Siguió riendo mientras sus pasos lo conducían al gabinete de un sicoanalista. Se imaginaba al doctor escuchando sus increíbles quejas sobre la felicidad, cuando a lo que estaba acostumbrado era a escuchar a pacientes que sufrían histeria, esquizofrenia, ansiedad y otras cosas parecidas.

-Lo cierto, doctor, es que he venido porque soy feliz.

Miró al doctor para ver el efecto que le habían producido sus palabras. Al verlo tan tranquilo, se calmó un poco y le dijo en tono de confesión:

-Soy más feliz de lo que la mente humana pueda imaginar.

Entonces comenzó a contarle su historia; pero el médico lo interrumpió con un gesto de la mano y le dijo con calma:

-Una felicidad desbordante, increíble, agotadora…

Miró al doctor, sorprendido, e intentó decir algo, pero este se le adelantó:

-Una felicidad que le impide trabajar, lo aleja de los amigos y no lo deja dormir.

-¡Usted es un milagro! -exclamó.

El doctor continuó:

-Y cada vez que se encuentra ante una desgracia, se echa a reír.

-¿Es usted adivino?

-No, no lo soy -respondió sonriendo-, pero recibo a pacientes con síntomas como el suyo al menos una vez por semana.

-¿Se trata de una epidemia?

-Yo no he dicho eso, ni creo que hasta ahora haya sido posible analizar ninguno de estos casos en sus componentes etiológicos.

-¿Pero es una enfermedad?

-Todos los casos están todavía bajo tratamiento.

-¿Está firmemente convencido de que se trata de casos patológicos?

-Ese es el supuesto indispensable para curarlos.

-¿Ha notado en alguno de esos pacientes síntomas de desorden mental o alienación? -preguntó el hombre, señalando hacia su cabeza con miedo.
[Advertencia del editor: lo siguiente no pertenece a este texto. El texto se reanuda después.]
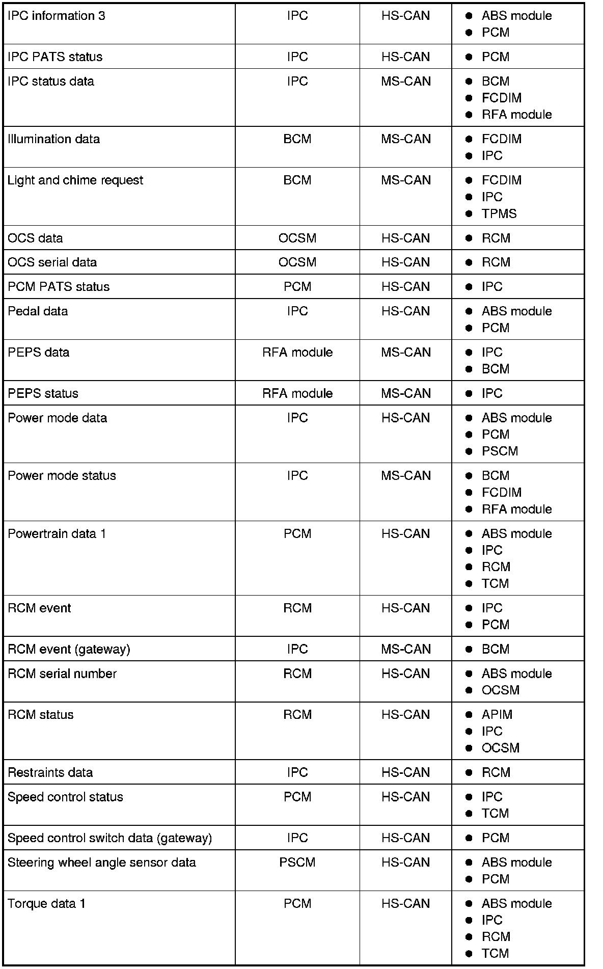 NOTE: This chart describes the specific HS-CAN and MS-CAN messages broadcast by each module, and the module(s) that receive the message.

Pero el doctor le respondió convencido:

-En absoluto. Le puedo asegurar que todos ellos están en pleno uso de sus facultades mentales. -tras reflexionar un momento, añadió-: Van a ser necesarias dos sesiones por semana.

-Está bien -replicó el paciente con resignación.

-No debe preocuparse ni entristecerse.

¿Preocuparse, entristecerse? El hombre sonrió, luego la sonrisa se alargó infinitamente y se le escapó la risa. Intentó controlarse pero no lo consiguió, y empezó a reírse a carcajadas.